-------- LISTED ENTRIES

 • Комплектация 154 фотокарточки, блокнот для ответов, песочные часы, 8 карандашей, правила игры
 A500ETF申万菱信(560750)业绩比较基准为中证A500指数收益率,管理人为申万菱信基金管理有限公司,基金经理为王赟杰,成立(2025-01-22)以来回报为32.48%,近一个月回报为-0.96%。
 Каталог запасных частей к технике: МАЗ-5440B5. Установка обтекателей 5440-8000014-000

----------------
-------- LISTED ENTRIES

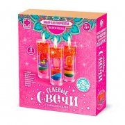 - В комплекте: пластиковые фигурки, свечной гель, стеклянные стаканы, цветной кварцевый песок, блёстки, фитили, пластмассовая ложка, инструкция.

----------------
-------- LISTED ENTRIES

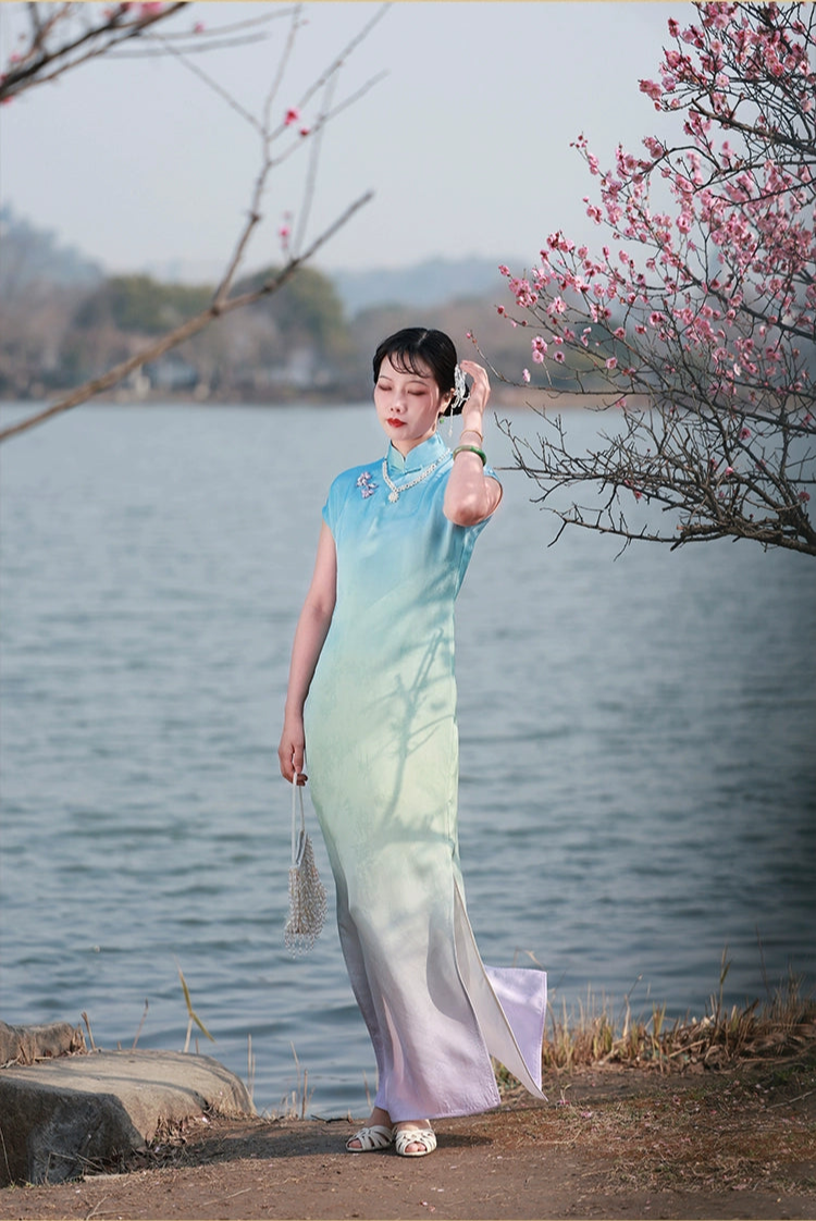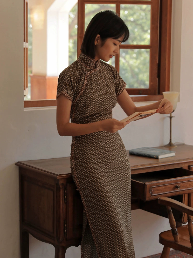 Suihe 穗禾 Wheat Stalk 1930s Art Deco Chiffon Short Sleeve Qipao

----------------

**PROBLEM STATEMENT:** Only the lines above from the line with "A500ETF申万菱信(56" to the line with "Каталог запасных частей", those two lines included, should be reproduced exactly.

**ANSWER SPACE:**
 A500ETF申万菱信(560750)业绩比较基准为中证A500指数收益率,管理人为申万菱信基金管理有限公司,基金经理为王赟杰,成立(2025-01-22)以来回报为32.48%,近一个月回报为-0.96%。
 Каталог запасных частей к технике: МАЗ-5440B5. Установка обтекателей 5440-8000014-000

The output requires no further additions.